- _Task details_: Copy exactly the lines of the material below that fall between the line with "Feel confident and" and the line with "Pitkä tarjoilijaesiliinamme halkiolla", both of those lines included; pictures stay out.

Task input Start Marker

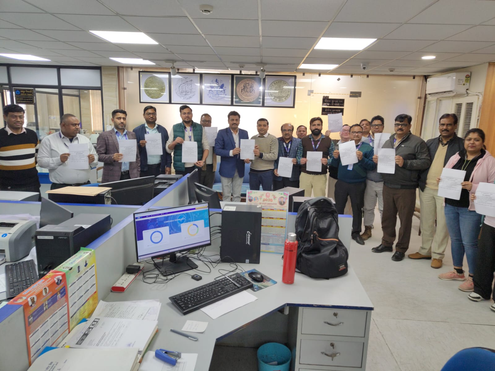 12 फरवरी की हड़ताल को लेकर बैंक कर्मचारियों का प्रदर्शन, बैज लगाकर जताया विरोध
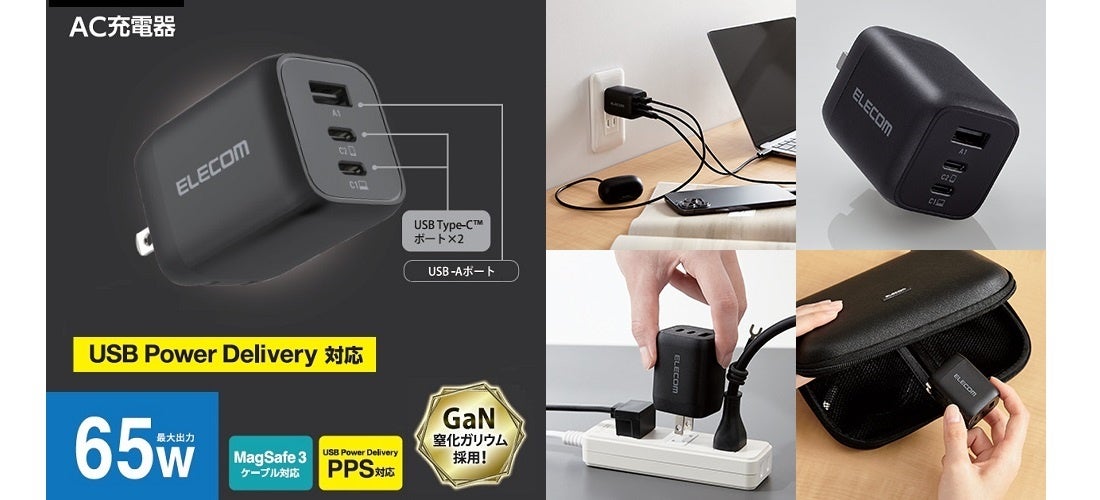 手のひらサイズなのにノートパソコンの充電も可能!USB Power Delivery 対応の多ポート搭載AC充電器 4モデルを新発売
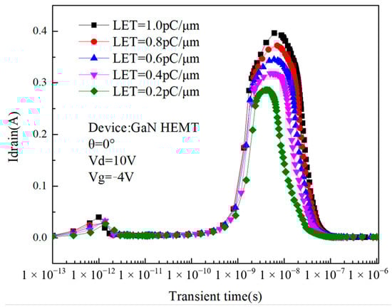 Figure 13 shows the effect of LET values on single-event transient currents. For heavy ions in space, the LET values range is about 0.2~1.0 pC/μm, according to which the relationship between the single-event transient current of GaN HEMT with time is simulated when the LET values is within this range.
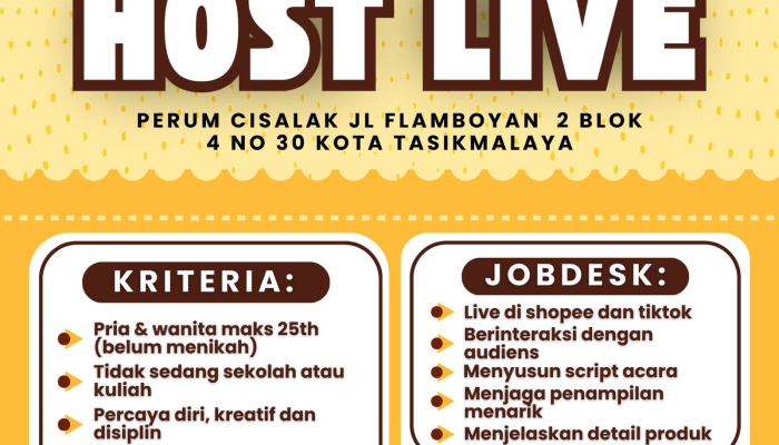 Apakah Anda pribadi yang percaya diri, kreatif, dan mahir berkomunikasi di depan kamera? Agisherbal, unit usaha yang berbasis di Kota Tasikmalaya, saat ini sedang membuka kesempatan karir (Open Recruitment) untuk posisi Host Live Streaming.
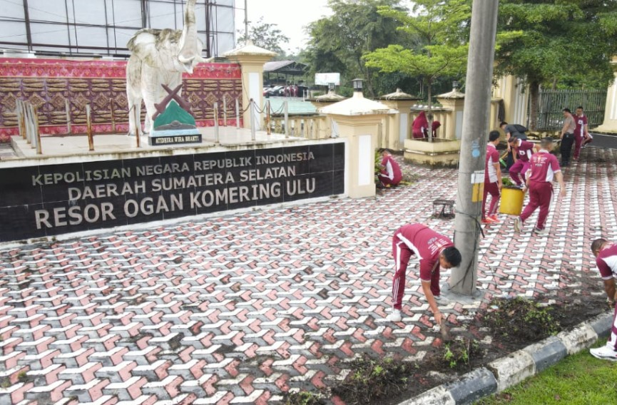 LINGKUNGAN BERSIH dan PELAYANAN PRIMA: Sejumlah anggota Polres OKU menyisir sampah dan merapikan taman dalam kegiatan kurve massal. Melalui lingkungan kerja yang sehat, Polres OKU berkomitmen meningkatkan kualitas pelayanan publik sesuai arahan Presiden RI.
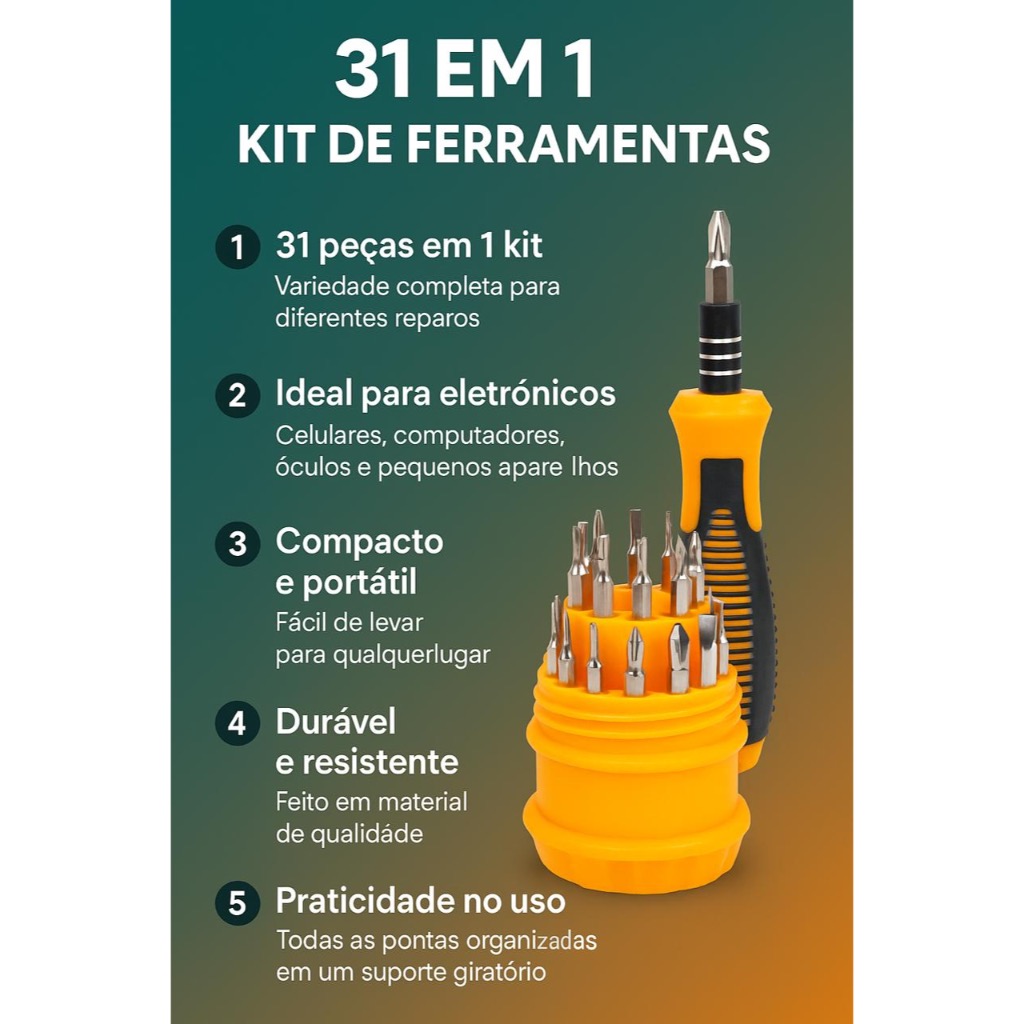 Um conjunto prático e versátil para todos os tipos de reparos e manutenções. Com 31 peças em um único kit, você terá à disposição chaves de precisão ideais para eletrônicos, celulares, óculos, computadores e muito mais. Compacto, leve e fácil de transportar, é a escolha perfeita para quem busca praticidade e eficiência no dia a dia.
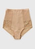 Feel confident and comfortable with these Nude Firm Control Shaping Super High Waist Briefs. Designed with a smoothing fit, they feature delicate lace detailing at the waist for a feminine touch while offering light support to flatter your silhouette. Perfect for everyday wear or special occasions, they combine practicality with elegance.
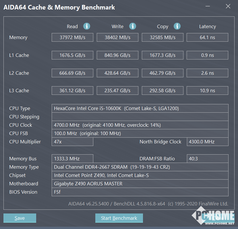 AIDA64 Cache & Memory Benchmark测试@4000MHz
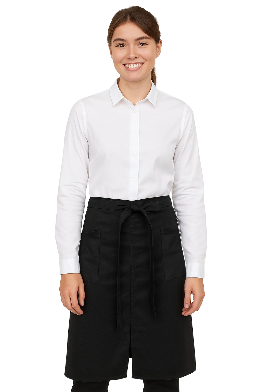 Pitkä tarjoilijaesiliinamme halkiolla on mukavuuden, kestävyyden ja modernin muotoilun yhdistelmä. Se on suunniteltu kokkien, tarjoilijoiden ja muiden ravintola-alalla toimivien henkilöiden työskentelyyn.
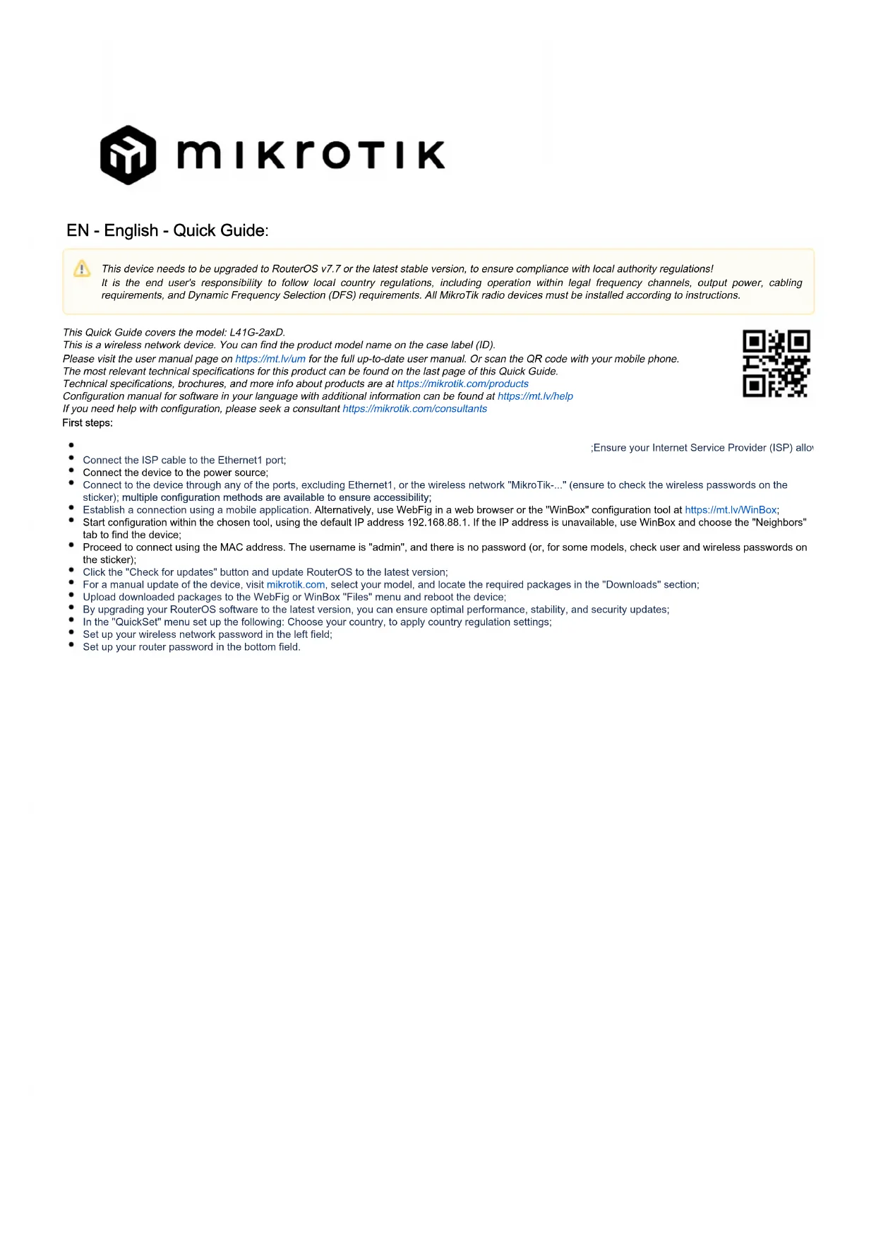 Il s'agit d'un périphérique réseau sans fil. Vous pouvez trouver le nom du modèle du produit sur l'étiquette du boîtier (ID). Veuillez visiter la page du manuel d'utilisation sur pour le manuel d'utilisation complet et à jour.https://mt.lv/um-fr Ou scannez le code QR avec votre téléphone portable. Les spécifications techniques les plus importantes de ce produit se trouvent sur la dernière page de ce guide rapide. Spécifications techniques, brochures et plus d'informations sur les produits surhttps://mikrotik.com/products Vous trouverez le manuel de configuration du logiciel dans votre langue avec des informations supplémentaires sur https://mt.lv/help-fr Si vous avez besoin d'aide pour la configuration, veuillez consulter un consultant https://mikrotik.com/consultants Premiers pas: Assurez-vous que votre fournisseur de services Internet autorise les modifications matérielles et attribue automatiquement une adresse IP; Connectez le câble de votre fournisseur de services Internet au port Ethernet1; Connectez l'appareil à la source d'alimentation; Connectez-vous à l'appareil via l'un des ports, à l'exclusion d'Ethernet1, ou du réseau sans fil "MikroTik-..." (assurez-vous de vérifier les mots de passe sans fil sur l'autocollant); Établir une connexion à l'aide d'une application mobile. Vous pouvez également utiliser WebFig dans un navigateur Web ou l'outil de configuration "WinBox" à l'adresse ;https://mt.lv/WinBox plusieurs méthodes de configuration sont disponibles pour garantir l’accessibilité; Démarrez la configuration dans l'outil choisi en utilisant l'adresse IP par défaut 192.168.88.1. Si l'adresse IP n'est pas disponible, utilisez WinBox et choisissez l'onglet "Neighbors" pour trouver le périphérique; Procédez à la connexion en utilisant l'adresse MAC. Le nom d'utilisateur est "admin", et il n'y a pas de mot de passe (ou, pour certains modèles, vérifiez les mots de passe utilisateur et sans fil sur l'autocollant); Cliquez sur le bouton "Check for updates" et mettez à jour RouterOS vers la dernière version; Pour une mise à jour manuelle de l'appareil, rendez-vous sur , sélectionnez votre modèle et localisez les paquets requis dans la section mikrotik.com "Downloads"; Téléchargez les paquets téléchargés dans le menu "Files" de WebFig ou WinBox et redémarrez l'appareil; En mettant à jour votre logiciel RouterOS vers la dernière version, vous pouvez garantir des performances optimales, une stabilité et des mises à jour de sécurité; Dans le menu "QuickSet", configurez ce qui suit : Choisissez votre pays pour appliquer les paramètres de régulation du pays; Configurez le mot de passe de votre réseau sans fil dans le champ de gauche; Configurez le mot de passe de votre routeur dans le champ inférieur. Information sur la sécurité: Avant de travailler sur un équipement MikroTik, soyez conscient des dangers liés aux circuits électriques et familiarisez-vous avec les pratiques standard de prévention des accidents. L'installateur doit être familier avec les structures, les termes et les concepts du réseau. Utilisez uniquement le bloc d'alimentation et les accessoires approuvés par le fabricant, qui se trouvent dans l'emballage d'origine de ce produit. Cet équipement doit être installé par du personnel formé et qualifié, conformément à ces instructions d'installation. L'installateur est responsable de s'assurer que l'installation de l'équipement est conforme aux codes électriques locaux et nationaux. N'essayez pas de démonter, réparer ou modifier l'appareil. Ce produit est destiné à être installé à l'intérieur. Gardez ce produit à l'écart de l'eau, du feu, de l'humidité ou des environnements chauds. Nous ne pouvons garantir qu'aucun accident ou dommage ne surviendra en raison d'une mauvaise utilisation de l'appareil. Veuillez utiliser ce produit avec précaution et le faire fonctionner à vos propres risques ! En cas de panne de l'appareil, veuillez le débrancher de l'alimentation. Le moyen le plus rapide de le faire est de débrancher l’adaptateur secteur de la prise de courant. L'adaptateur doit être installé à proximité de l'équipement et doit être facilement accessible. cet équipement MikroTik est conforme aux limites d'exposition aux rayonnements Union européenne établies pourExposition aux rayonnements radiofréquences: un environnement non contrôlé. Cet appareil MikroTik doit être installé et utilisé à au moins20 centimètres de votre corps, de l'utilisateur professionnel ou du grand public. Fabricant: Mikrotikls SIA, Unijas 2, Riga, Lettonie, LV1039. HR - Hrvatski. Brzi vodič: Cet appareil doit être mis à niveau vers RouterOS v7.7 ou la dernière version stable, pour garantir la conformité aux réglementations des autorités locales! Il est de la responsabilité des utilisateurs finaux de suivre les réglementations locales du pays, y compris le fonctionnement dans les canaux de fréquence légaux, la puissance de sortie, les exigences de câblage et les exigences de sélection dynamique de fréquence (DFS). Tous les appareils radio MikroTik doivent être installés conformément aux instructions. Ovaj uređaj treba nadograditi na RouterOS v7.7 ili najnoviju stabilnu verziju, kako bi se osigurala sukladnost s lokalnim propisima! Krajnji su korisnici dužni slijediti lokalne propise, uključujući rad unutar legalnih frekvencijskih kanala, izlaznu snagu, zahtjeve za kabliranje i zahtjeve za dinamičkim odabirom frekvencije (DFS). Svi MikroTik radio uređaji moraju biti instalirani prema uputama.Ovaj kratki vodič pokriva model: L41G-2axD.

Task input End Marker

- _Answer space_:
 Feel confident and comfortable with these Nude Firm Control Shaping Super High Waist Briefs. Designed with a smoothing fit, they feature delicate lace detailing at the waist for a feminine touch while offering light support to flatter your silhouette. Perfect for everyday wear or special occasions, they combine practicality with elegance.
 AIDA64 Cache & Memory Benchmark测试@4000MHz
 Pitkä tarjoilijaesiliinamme halkiolla on mukavuuden, kestävyyden ja modernin muotoilun yhdistelmä. Se on suunniteltu kokkien, tarjoilijoiden ja muiden ravintola-alalla toimivien henkilöiden työskentelyyn.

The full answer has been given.